- Directed by: Frank Piasecki Poulsen
- Release date: 1 September 2010;
- Country: Denmark

= Blood in the Mobile =

Blood in the Mobile is a 2010 documentary film by Danish film director Frank Piasecki Poulsen. The film addresses the issue of conflict minerals by examining illegal cassiterite mining in the North-Kivu province in eastern DR Congo. In particular, it focuses on the cassiterite mine in Bisie.

The film is co-financed by Danish, German, Finnish, Hungarian and Irish television, as well as the Danish National film board.

The film premiered in Denmark on 1 September 2010. During the making of the film Frank Piasecki Poulsen is working with communications professional and new media entrepreneur Mikkel Skov Petersen on the online campaign of the same name.

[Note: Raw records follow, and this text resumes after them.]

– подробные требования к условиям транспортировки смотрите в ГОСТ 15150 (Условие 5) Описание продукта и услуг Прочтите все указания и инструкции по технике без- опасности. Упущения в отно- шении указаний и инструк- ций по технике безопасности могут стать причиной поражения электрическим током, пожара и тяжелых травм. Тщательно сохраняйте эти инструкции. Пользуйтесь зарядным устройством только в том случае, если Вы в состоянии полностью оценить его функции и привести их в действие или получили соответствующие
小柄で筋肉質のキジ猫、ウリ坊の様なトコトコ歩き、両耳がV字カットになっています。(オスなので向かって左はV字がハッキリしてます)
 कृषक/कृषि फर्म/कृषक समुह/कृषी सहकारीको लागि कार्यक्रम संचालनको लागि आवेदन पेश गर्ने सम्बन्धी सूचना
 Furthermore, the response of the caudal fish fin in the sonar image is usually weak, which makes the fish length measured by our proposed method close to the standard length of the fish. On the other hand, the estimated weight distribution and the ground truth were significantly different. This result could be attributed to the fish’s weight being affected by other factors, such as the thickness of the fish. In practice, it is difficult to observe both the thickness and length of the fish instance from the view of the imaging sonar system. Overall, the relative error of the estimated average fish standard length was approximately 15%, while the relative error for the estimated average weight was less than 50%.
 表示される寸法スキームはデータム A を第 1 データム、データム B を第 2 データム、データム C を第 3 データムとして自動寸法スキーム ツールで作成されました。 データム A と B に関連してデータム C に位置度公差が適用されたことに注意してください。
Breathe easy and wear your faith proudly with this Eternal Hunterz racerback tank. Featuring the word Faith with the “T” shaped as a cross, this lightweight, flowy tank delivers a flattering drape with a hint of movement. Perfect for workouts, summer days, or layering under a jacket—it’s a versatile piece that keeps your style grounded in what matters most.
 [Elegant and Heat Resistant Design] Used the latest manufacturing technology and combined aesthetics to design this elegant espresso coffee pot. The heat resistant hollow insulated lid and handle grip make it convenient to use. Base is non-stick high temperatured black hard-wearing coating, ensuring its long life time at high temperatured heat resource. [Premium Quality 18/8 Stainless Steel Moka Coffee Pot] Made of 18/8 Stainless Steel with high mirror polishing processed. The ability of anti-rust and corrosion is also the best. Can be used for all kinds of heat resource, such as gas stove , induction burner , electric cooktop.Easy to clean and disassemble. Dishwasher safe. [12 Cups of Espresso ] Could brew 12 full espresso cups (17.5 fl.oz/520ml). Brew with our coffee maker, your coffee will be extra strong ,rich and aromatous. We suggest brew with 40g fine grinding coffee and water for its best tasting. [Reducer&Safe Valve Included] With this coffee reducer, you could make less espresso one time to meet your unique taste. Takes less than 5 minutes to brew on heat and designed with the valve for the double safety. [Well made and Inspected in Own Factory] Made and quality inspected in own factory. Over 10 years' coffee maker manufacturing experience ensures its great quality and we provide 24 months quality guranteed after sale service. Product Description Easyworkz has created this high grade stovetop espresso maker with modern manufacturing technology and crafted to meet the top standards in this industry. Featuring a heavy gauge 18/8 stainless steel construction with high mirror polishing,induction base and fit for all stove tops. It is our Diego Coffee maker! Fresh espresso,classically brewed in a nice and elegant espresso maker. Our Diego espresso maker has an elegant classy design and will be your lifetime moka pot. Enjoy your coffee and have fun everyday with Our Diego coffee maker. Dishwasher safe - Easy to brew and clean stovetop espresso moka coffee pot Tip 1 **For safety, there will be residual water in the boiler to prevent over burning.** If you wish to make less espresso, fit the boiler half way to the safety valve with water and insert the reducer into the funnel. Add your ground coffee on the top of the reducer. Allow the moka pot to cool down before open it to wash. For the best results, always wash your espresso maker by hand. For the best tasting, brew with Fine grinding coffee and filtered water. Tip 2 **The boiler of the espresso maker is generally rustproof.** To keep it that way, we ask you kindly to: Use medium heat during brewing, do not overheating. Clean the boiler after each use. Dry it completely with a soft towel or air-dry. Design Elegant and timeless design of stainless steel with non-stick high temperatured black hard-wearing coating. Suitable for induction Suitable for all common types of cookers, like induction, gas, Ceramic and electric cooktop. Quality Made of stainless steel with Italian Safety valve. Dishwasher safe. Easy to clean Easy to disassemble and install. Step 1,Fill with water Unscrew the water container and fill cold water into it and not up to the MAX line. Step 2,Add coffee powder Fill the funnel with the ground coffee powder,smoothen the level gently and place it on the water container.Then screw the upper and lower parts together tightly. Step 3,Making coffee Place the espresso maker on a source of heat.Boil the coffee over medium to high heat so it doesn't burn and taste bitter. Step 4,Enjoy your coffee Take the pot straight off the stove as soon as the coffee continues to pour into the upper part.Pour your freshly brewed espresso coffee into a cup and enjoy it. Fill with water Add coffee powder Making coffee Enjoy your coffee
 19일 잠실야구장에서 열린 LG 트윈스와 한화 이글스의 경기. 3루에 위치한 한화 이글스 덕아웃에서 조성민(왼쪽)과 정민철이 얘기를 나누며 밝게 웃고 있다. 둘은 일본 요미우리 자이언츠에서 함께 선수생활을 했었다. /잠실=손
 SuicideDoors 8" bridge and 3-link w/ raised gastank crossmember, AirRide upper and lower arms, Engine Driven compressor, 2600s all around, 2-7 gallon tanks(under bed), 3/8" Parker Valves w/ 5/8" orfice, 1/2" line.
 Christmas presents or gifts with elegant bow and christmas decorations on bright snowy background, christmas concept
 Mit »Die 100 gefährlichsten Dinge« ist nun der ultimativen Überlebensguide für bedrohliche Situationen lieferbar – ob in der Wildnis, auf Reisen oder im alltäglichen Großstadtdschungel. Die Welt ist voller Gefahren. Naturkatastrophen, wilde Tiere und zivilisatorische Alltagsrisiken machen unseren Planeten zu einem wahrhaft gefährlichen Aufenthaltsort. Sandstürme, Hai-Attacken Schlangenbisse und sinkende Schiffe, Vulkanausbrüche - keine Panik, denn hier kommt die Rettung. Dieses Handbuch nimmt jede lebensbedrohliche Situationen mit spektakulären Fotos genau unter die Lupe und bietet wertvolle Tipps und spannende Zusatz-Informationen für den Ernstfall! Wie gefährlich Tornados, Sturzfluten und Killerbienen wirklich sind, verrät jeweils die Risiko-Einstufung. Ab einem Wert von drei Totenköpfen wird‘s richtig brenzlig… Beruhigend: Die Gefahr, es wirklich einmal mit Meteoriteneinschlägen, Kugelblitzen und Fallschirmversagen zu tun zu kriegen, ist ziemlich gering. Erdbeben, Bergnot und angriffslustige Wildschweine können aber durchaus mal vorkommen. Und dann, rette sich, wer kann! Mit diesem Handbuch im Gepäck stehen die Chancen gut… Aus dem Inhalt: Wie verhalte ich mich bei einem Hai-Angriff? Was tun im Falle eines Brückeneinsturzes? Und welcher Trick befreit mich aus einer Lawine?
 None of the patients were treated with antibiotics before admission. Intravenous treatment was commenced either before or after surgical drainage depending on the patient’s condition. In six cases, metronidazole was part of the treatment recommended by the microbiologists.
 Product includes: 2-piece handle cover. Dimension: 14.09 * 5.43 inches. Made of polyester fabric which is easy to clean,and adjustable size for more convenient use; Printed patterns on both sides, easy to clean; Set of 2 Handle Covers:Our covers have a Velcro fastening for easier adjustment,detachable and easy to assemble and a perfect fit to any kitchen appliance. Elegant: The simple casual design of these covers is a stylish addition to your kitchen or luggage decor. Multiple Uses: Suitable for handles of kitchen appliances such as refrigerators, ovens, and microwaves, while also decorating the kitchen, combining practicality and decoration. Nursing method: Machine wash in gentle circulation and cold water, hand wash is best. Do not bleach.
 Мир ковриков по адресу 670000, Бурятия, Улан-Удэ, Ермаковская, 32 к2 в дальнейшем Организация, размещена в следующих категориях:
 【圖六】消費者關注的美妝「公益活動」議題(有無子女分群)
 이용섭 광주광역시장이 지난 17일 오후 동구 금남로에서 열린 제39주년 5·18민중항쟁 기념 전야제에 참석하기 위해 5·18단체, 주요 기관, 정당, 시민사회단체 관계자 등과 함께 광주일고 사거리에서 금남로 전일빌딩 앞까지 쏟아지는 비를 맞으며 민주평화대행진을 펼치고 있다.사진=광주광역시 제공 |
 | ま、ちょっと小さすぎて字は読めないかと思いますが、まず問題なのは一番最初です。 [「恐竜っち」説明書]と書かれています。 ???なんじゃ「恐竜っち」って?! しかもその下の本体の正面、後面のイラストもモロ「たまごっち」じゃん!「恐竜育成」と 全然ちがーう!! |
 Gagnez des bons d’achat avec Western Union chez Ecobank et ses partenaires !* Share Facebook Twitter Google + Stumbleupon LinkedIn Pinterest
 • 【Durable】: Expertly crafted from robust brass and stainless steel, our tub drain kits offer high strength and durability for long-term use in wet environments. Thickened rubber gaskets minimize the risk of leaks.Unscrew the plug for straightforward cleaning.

The campaign is addressing Poulsen and Petersens notion of the responsibility of the manufacturers of mobile phones on the situation in war torn eastern Congo. The project is collaborating with NGOs like Dutch-based Make It Fair and British-based Global Witness who are also engaged in changing the conduct of Western companies regarding the industrial use of minerals of unknown origin.

The cassiterite dug out in the illegal mines in North-Kivu is according to Danish corporate monitor organization Danwatch primarily purchased as tin by the electronics industry after processing in East Asia.

Apart from trying to raise awareness of the issue of illegal mining and alleged lack of corporate social responsibility from the mobile phone industry, the campaign is an attempt to experiment with new ways of building an audience and create additional funding for documentary films.

The production of the film and the campaign is run in association with Danish new media company Spacesheep, founded in 2009 by Poulsen and Petersen in association with major Danish independent TV and film production company Koncern.